支撑物参数对全钢化真空玻璃等效应力和变形量的影响

硅酸盐通报 ›› 2023, Vol. 42 ›› Issue (9): 3372-3378.

支撑物参数对全钢化真空玻璃等效应力和变形量的影响

袁朝阳¹, 胡东方¹, 李彦兵²

1.河南科技大学机电工程学院,洛阳 471003;
2.洛阳兰迪玻璃机械股份有限公司,洛阳 471000

收稿日期:2023-05-09 修订日期:2023-06-19 出版日期:2023-09-15 发布日期:2023-09-14
作者简介:袁朝阳(1995—),男,硕士研究生。主要从事全钢化真空玻璃方面的研究。E-mail:1195161616@qq.com
基金资助:
河南省创新示范专项资助项目(191110211600);河南省高等学校重点科研项目计划(19A460020)

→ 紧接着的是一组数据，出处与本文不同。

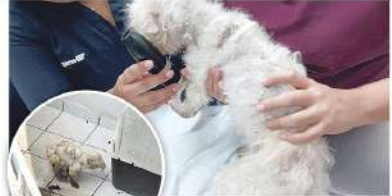
PESE a los esfuerzos de los médicos veterinarios, "Puchi" no pudo recuperar su salud.

BOCA DEL RÍO LIDYVET MURILLO IMAGEN DEL GOLFO El pasado 18 de abril se logró el rescate de "Puchi" una perrita que estaba siendo víctima de maltrato animal en la colonia Adalberto Tejeda, en el municipio de Boca del Río, sin embargo, durante la noche del viernes 26 de abril, esta falleció debido a las condiciones en que fue encontrada. A través de un tweet, el alcalde de Boca del Río, Juan Manuel de Unánué Abascal confirmó el deceso de la cachorrita, asegurando que debe haber sanciones severas para quienes son sus dueños, por mantenerla en las condiciones deplorables en las cuales fue rescatada. El caso de maltrato animal de "Puchi" había sido expuesto en redes sociales por algunos vecinos, quienes decidieron informar al ayuntamiento de Boca del Río sobre las condiciones de vida que se le daba a esta mascota. "Puchi" había sido llevada al Hospital Veterinario Canales, sin embargo, debido a su estado de salud, esta no

Effects of Pillar Parameters on Equivalent Stress and Deformation of Fully Tempered Vacuum Glass

YUAN Zhaoyang¹, HU Dongfang¹, LI Yanbing²

1. School of Mechatronics Engineering, Henan University of Science and Technology, Luoyang 471003, China;
2. Luoyang Landglass Technology Co., Ltd., Luoyang 471000, China

Received:2023-05-09 Revised:2023-06-19 Online:2023-09-15 Published:2023-09-14

摘要/Abstract

摘要： 全钢化真空玻璃是一种新型的高端建筑玻璃材料,具有极佳的隔热、隔音、安全性等优点,在现代建筑领域备受瞩目。作为全钢化真空玻璃的重要组成部分,支撑物参数对玻璃的等效应力和变形量具有重要影响。本文数值分析了在支撑物形状分别为圆球形、圆柱形、圆环形时,支撑物不同布放间距、排列方式对全钢化真空玻璃的等效应力和变形量的影响。结果表明:无论支撑物形状或排列方式如何,全钢化真空玻璃的最大等效应力和变形量都与支撑物布放间距呈正相关。在其他条件相同的情况下,采用圆环形支撑物并以正三角形排列方式布放时,全钢化真空玻璃等效应力和变形量最小。此研究通过仿真结果得出了不同形状的支撑物在不同排布方式下合理的布放间距,为全钢化真空玻璃的制造提供了理论依据。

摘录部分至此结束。